The chip is known as the Apple Neural Engine and Apple engineers are said to be “racing” in an attempt to catch up other companies moving forward aggressively on cores and chips to perform the very large number of multiplications used in neural networks.
Google has developed and taken to silicon two Tensor Processor Units (TPUs) in the last couple of years (see Google’s second TPU processor comes out).
Neural networks which require millions of weightings to be multiplied against input data and subsequent layers of neurons have conventionally been run in software on uniprocessors. However, the enormous benefit they can take from parallelism has seen them being deployed on GPUs and more-or-less application specific DSPs.

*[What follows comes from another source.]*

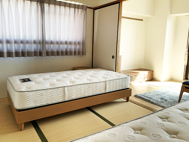 隣の和室にはシングルベッドを2台設置。ヘッドボードをなくして圧迫感をなるべく抑えています。
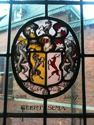 Beno Hofman verkleed als Carel Coenraad Geertsema bij zijn wapen in het provinciehuis van Groningen tijdens Monumentendag 2016. Geertsema was een drijvende kracht achter de plaatsing van deze wapens van Commissarissen van de Koningin van Groningen in het provinciehuis.

The kind of applications that can benefit from this include voice and face recognition and classification and inference of varied types of data where dedicated hardware can provide a couple of orders of magnitude improvement over conventional processors.
In particular Apple has aspirations in mixed-reality and self-driving cars that need the efficiency of dedicated machine learning hardware to reduce energy consumption and latency, the report said.
Apple also intends to include the neural engine in future versions of the iPhone and the iPad, according to the report. This has the advantage that recognition tasks that would otherwise have to be sent up to the cloud could be done locally.
Apple could discuss the neural engine at its upcoming annual developers conference in June, where it is also expected to introduce the next version of its operating system iOS11.